Bioterrorism planners from around the country came to watch Tucson's drill, looking for ideas.

``If something were to happen now, everyone has plans in place,'' said Vernon Jones, lead coordinator for the Fresco, Calif., Metropolitan Medical Response System. But independent plans developed by various local agencies aren't integrated, he said.

Jones plans to develop plans to deliver mass smallpox vaccinations and conduct a drill. Asked if he could vaccinate the 600,000 people in his community within a few days of an attack, he said bluntly: ``No, nobody can.''

In Montgomery County, Md., officials staged an exercise this fall that county police Capt. Mike Collins said identified several problems: Hospitals couldn't reach the public health department because someone had turned off the telephone ringer, and while they identified needed medical supplies, they didn't know how to get them.

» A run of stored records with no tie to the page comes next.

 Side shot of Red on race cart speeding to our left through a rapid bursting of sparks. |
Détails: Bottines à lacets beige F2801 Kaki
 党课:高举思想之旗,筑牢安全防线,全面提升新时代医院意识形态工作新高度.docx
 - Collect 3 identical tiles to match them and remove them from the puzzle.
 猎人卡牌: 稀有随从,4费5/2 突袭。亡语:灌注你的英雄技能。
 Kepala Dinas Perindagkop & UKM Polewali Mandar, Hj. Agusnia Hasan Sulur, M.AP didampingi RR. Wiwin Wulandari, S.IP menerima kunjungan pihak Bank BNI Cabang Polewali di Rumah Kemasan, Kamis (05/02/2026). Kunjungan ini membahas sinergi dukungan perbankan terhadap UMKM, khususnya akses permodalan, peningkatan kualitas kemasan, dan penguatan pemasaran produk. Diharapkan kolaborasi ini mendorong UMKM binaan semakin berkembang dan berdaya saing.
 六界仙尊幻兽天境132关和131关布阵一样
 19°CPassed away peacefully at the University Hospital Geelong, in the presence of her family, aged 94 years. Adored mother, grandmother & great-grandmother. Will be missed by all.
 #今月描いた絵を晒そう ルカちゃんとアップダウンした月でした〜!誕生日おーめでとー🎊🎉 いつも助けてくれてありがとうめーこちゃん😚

In rural Graham County, Ariz., bioterrorism coordinator Dolores Herrera says the preparations are overwhelming. ``It's so vague,'' she said. ``Everything is a concept.''

She said the county does not yet have a plan to dispense medicine in a mass attack.

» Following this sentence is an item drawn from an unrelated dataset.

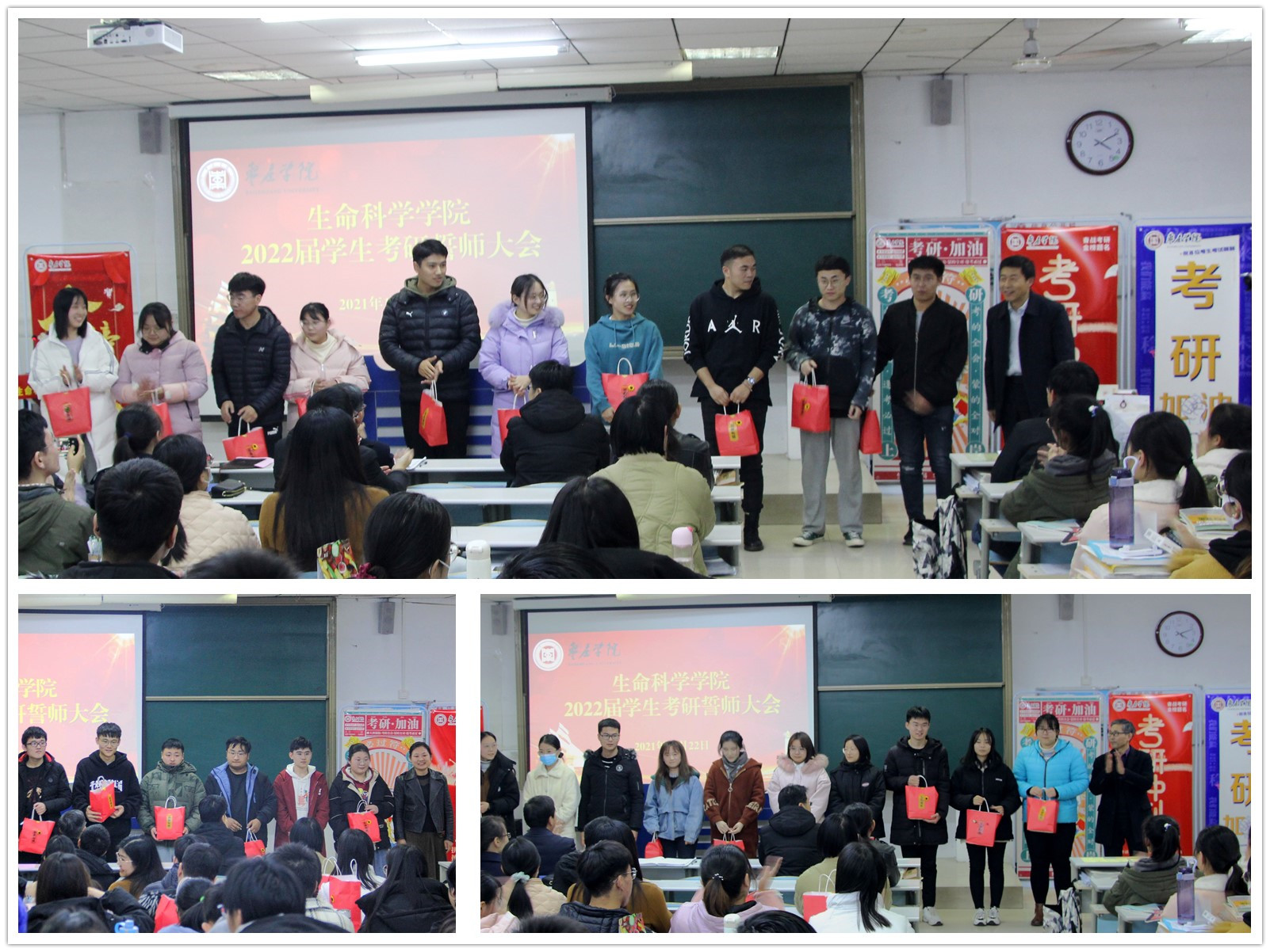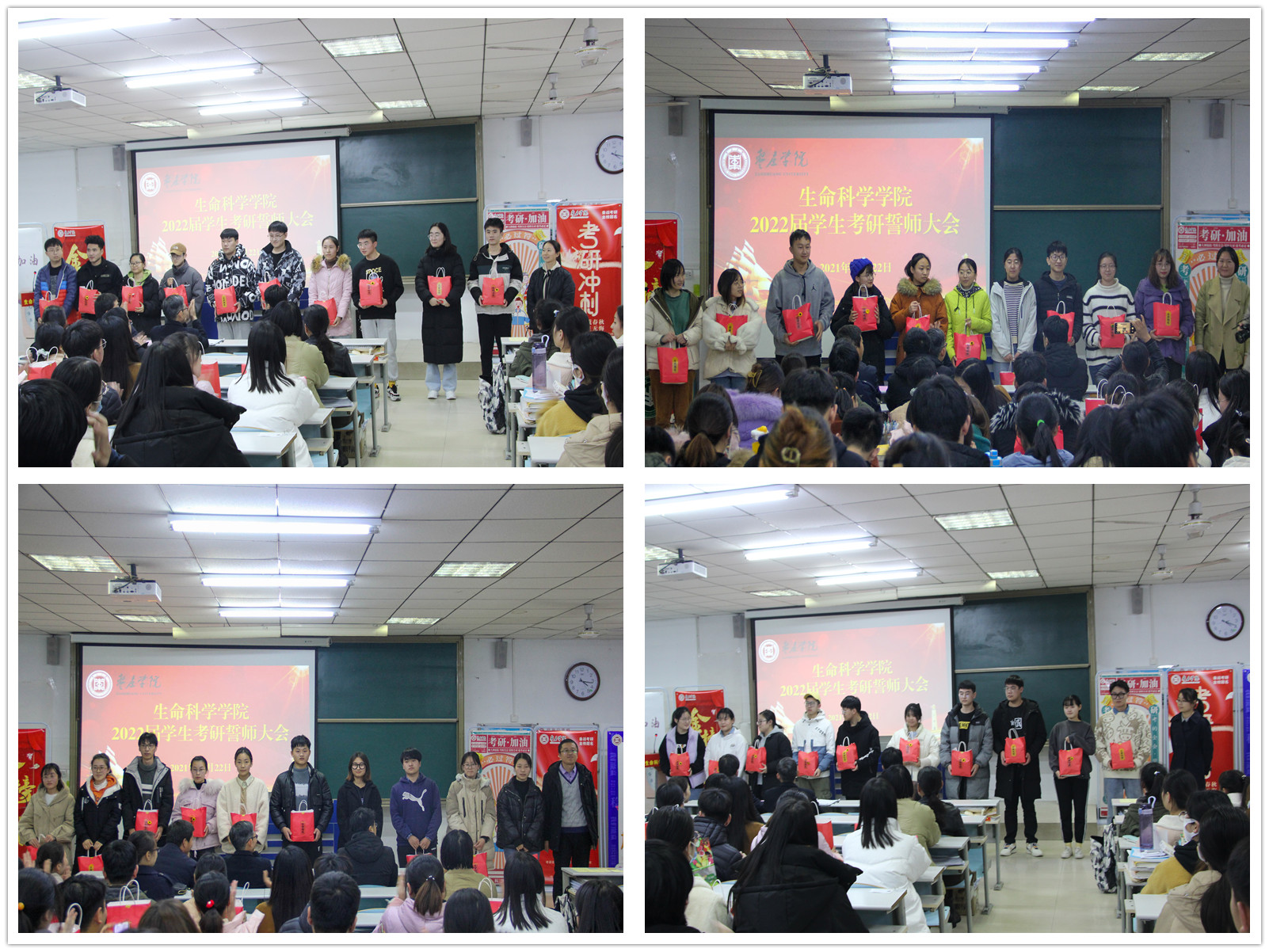 誓师大会在“考研加油!”的欢呼声中圆满结束。热情的鼓励、丰富的礼物、深切的关爱、浓浓的真情,温暖着每一位考研学子的心。许多学生热泪盈眶,激动不已,并表示一定会以优异的成绩回报母校、回报学院领导老师的关怀。

Being in an isolated rural county two hours northeast of Tucson makes preparation particularly challenging, she said. ``You only have so many nurses, so many doctors, so many pharmacists.'' And county officials have contacts but ``no solid relationships'' on Indian reservations.

The Tucson drill begins on a Wednesday when two men wielding fire extinguishers spray white gas representing anthrax spores onto a luncheon crowd.

Officials confirm that it's anthrax, and Arizona's governor immediately calls the federal Centers for Disease Control and Prevention in Atlanta to request backup medical supplies. The CDC's National Pharmaceutical Stockpile has 50-ton mobile pharmacies located at 12 different sites around the country. These ``push packs,'' which contain antibiotics, vaccines and medical supplies, can be delivered to any town in America inside 12 hours.

Early Thursday, a smaller version with pretend medicines arrives at an Arizona Air National Guard hanger.

On Friday, hundreds of volunteers get descriptions of the characters they are to play, including medical histories and information about whether they were at the conference center when the anthrax was released.

Those who were there fill out medical forms and watch video tapes explaining basic facts about anthrax and the antibiotics. Pharmacists, including some brought out of retirement, answer questions and hand out drugs.

There's no way to know who inhaled the anthrax spores, so anyone at the conference center during the attack will be given antibiotics, just in case.

The system works: By the end of the day, antibiotics are distributed to nearly 2,000 people.

Throughout the day, workers are tested by volunteers who portray patients with particular medical problems or severe anxiety.

Take Annette Flannery, who refuses to accept that there is no way to diagnose exposure to anthrax.

``There has to be a test,'' she tells counselors. ``You can't just be giving people medicine for no reason!''

Unable to convince her otherwise, counselors relent, telling her to see her own doctor on Monday for an anthrax test _ where she'll be told again that one doesn't exist.

Williquett, 71, is also terrified. She is sure she has anthrax and is directed to a triage tent for immediate care.

``Anthrax doesn't sterilize you, does it?'' Williquett asks a nurse, Carmen Diaz. ``How long does it take for the antibiotics to work? Who pays for all of this? I don't have a lot of money.''

Diaz answers all her questions _ anthrax doesn't sterilize you, the antibiotics are free and should work right away _ and sends her to the hospital for further evaluation and treatment.

The drill succeeds in identifying at least a few holes in the system.

The push pack of medicines was driven to Arizona from neighboring New Mexico, and local officials were at the state line to meet it. But the truck driver was operating on Eastern Standard Time while the people waiting were on Mountain Time. They didn't have a cell phone number to reach the driver.

At the convention center, the instructional videos played so softly that they were inaudible to anyone more than a foot from the TV.

And in the midst of placing orders from the pharmaceutical stockpile, the phone lines went down.